The Mūl Mantar is a widely known part of Sikh scripture, but it has posed a challenge to translators. The first two words Ik Onkar has been rendered multiple ways. It has been translated as "'There is one god', as 'One reality is', 'there is one God', 'singularity despite seeming plurality,' and 'This being is one,' and asserts the "distinctively Sikh theological emphasis" on "the ineffable quality of God" as "the Person beyond time," "the Eternal One," and "the One without form," and is canonically understood in Sikhism to refer to "absolute monotheistic unity of God". The varying capitalisation of "God", "Reality", or "Being" affects the meaning in English. A number of translations erroneously change the Mūl Mantar from a list of qualities to a statement of facts and possessive adjectives. For example, they may change Satnam from "truth by name" to "His name is truth", which adds a masculine quality to the Mūl Mantar which does not appear in the original Gurmukhi.

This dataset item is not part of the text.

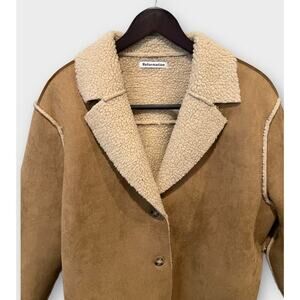 Reformation Stoke Suede Faux-Shearling Coat Size XL
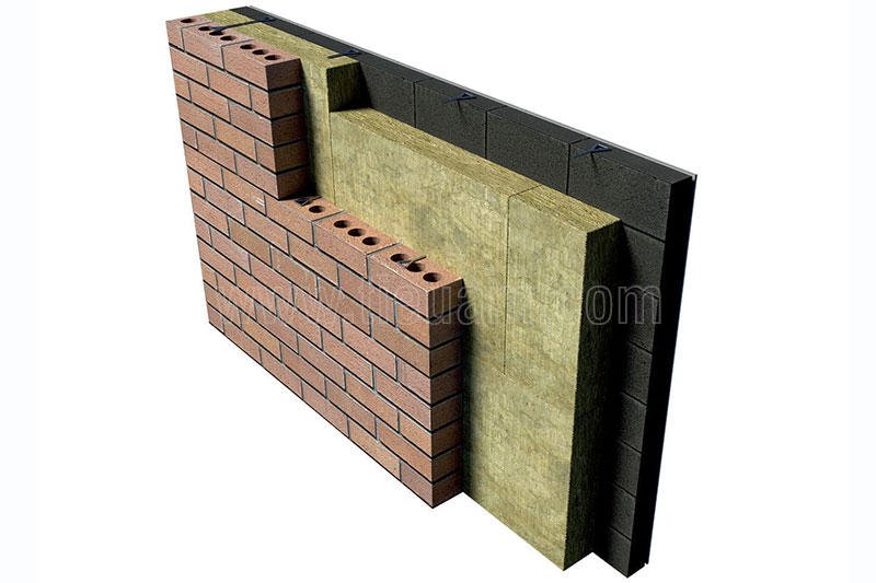 Bông khoáng thường được đặt giữa 2 lớp tường gạch để bảo ôn, cách nhiệt và cách âm

These sacred words of Sikhism do not presume a particular gender. the Mūl Mantar serves as a "succinct statement which set the Sikh doctrine apart from the philosophical systems of both Indic and Semitic religious traditions."

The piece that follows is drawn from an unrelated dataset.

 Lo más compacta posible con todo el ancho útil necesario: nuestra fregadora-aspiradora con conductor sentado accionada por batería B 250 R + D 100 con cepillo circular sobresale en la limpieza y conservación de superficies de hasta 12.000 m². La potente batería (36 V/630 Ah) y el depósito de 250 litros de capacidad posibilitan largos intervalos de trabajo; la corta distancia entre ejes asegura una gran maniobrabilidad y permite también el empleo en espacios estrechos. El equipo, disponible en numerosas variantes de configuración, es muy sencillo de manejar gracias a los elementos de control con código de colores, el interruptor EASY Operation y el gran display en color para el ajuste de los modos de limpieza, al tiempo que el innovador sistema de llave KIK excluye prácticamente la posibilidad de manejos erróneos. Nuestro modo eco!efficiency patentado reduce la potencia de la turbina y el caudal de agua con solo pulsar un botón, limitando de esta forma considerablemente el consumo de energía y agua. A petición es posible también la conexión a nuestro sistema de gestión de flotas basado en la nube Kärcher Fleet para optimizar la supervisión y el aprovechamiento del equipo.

Some Sikh institutions, like the SGPC, consider the Mūl Mantar proper to end at gura prasādi, arguing that what follows is the name and first line of the Japji Sahib composition, citing the number of times that the verse appears as such preceding Gurbani compositions. On the other hand, other historic institutions, like some taksals (traditional Sikh religious educational institutions) and gurmat schools, hold the Mūl Mantar to be the full following verse, contending that this form has been used in the Amrit Sanchar baptising ceremony since its inception. This is in line with the stand taken by the nihangs and other groups who stress the recitation of the complete Mūl Mantar, arguing that this tradition has come directly from the time of the Gurus, and there is reliable evidence to support this contention; like the kamar kassā, or waist-belt body armor of Guru Gobind Singh, preserved at Moti Bagh Palace in Patiala, bearing an inscription of the long form.